Pictured: Oleg Gordievsky is made a Companion of the Order of Saint Michael and St George by The Queen at Buckingham Palace

Pictured: Oleg Gordievsky is made a Companion of the Order of Saint Michael and St George by The Queen at Buckingham Palace

Pictured: KGB and MI5 Double agent Oleg Gordievsky (left) and codebreaker Alan Stripp pit their wits over the Mastermind

Pictured: KGB and MI5 Double agent Oleg Gordievsky (left) and codebreaker Alan Stripp pit their wits over the Mastermind

He was able to name a Soviet spy discovered in 1946 but never formally identified, as Leo Long, a former intelligence officer, and that an Italian nuclear physicist, Bruno Pontecorvo, who worked on Britain’s wartime atomic bomb research, had volunteered his services to the KGB seven years before he defected to the USSR in 1950.

He also laid to rest the long-held conspiracy theory – on which much angst had been expended in the intelligence services – that Roger Hollis, a former chief of MI5, was a Soviet mole.

Most importantly, Gordievsky also put to rest MI6’s anxiety about current operations. 
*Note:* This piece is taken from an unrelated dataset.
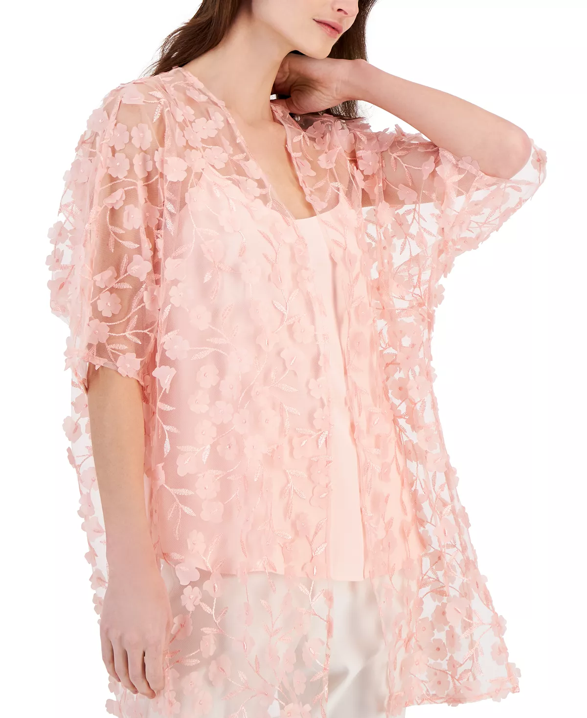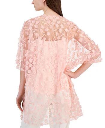 A sheer layer with something extra, this open-front topper from Anne Klein blooms with 3D floral appliqués that flutter as you move.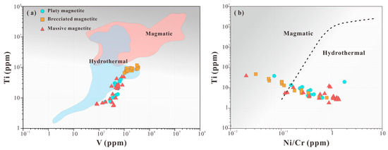 Discrimination diagram of (a) Ti vs. V and (b) Ni/Cr vs. Ti for magnetite from the Beizhan iron deposit. Fields of magmatic and hydrothermal magnetite are from [62,65,66].

MI6 had expected to learn that there was a vast network of KGB agents in Britain, communist spies like the Cambridge Five who had wormed their way into the Establishment to destroy it from within.

But Gordievsky told them that the KGB had only a small handful of agents, contacts and illegals in Britain, none very threatening.

Moreover, his insider’s depiction of KGB operations indicated that MI6’s Soviet adversary was not the invincible giant of myth, but flawed, clumsy and inefficient. It remained vast, well-funded and ruthless but its ranks included many time-servers, boot-lickers and lazy careerists with little imagination.

The KGB was still a dangerous antagonist, but its vulnerabilities and deficiencies were now exposed. It could be beaten.

This is a breaking news story, more to follow.